Should have added, big R apart, I love the steam/water arms and big nobs (cue jokes). I was undecided about them until using them, they are much better to use than the other Rocket ones.


----------



## Daren

Great review! Lovely machine. I had a play on one at the forum members day at BB and was quite smitten. Rocket porn is the best!

If only they did the R58 in the Giotto shape! Maybe best they don't as I'm not sure if I'd be able to resist.


----------



## forzajuve

Daren said:


> If only they did the R58 in the Giotto shape! Maybe best they don't as I'm not sure if I'd be able to resist.


I know what you mean. I used to think a Rocket had to be in Giotto given it is iconic of the brand, but having gradually warmed to the R58 I now think it is much better looking with the new font layout with steam/water arms. Having said that all Rockets look amazing so you can't lose really!


----------



## Daren

Your right... They are all eye candy. My ideal machine would be the R58 layout, dials, internals etc with curved sides from the Giotto. My bank manager is thanking Rocket for not doing it.

If I was buying new now it would be a hard call to make. Sod it.... I'll take both


----------



## Fevmeister

Dream machine!


----------



## mcgregor_dave

It looks like something that came from a sci-fi movie, but totally awesome nevertheless!


----------



## Finsternis83

Nice picture !

However, where is your hopper ? Do you pull your grinder to the front each time you grind ?


----------



## NickR

I used one of these machines today to make a flat white at the London coffee festival, very impressed. Loverly feel to all the controls and nice heavy porta filter. Best coffee of the day, although this could be down to the beans (Volcano).


----------



## adam0bmx0

Where you in the coffee making speed competition? I was around 3:30pm. And yes, the Rocket is a lovely machine, also used an ECM before for a week, one day i'll own one.



NickR said:


> I used one of these machines today to make a flat white at the London coffee festival, very impressed. Loverly feel to all the controls and nice heavy porta filter. Best coffee of the day, although this could be down to the beans (Volcano).


----------



## NickR

Not in the competition just messing about on the Volcano stand.


----------



## GreenJacket

I am about to experiment with the temperature on my new R58. I have two questions.

What is the sensible range around 95c, I am thinking of 93 to 97.

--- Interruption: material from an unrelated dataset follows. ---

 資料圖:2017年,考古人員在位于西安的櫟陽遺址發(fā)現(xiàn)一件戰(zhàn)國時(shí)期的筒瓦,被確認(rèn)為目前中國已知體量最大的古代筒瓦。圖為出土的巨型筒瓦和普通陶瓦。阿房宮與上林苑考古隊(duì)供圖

What can I expect to our observe from higher and lower temperatures?


----------



## gman147

Easy to swap out the R/blank knobs ? Not that it's a big deal. Pretty sure they would have already considered this. Tbh, the R is anatomically correct anyway ;-)


----------



## jakeapeters

gman147 said:


> Easy to swap out the R/blank knobs ? Not that it's a big deal. Pretty sure they would have already considered this. Tbh, the R is anatomically correct anyway ;-)

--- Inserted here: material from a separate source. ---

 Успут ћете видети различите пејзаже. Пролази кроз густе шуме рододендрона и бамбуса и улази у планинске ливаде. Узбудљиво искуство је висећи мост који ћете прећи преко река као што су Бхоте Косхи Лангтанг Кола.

They just pop out with anything thin and blunt (butter knife would be useful). Easy to swap over if you're that way inclined!


----------



## motd2k

I've had mine around a year now and love it - not much at all i'd change


----------



## shrink

im interested in hearing from those that have one.. is yours a V2? any issues at all?

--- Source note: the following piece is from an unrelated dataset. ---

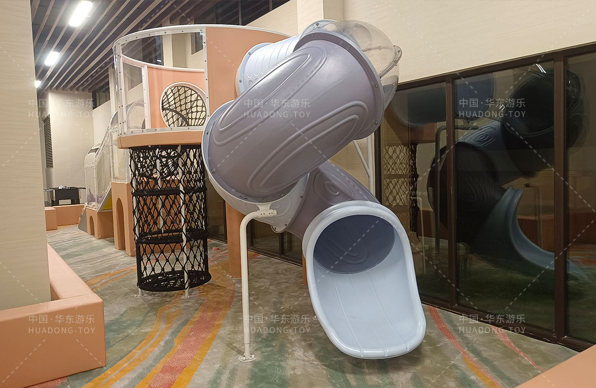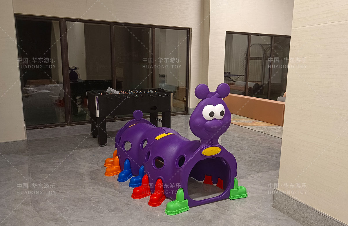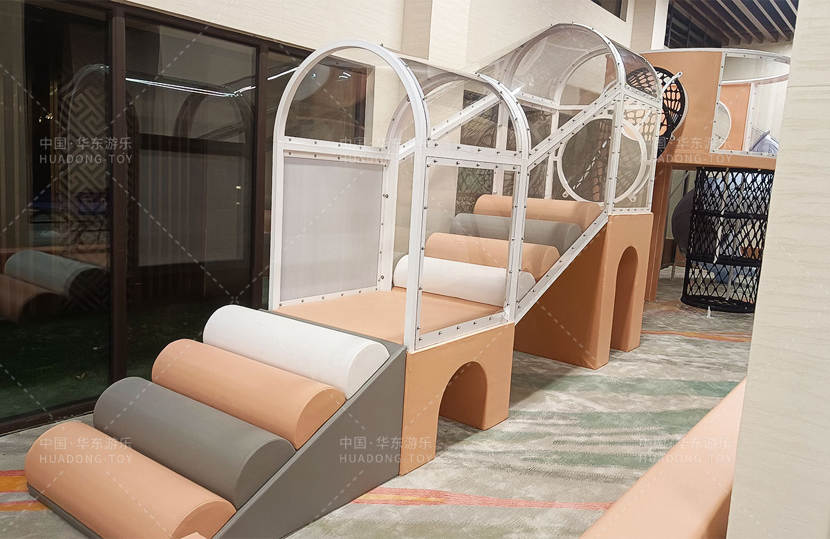 该项目选用的是乐鱼leyu游乐生产的室内淘气堡系列产品,整套设备集合了攀爬网、钻洞、攀爬梯、旋转滑筒等功能,除此之外还设置了小朋友们喜欢的毛毛虫钻洞,儿童台球、乒乓球、桌面足球等设备,让整个售楼处变得更加的充满生机与活力。

im considering an R58 vs celllini evoluzione V2!


----------



## forzajuve

I have replied to Shrink by private message but also as an update some 18 months on I am sharing my thoughts on owning an R58:

Generally I love it, form as I'm sure you are aware is something else on Rockets and I personally prefer the R58 to Giotto shape (friend has one). I also like the external PID, I know this is widely debated but I have it located under the drip tray which is less obtrusive but still visible. Steaming and brewing are a joy, although I am still to plumb in which should improve further the pre-infusion capabilities.

Some negative points which are worth noting. The drip tray is small, I don't have an issue with this other than a not so often talked point which is that it is not really wide enough. Width being from contact point with machine out. This means that when just running water through the group to flush it splatters over the edge, annoying. There was also some rattle with the drip tray which I have fixed with some tape, but again annoying given the cost of the machine. I had one fault on the machine which was after ~6 months the steam pressure relief valve was sticky and constant hissing was coming from it. Easy to replace, tried cleaning but think the part was faulty in the end.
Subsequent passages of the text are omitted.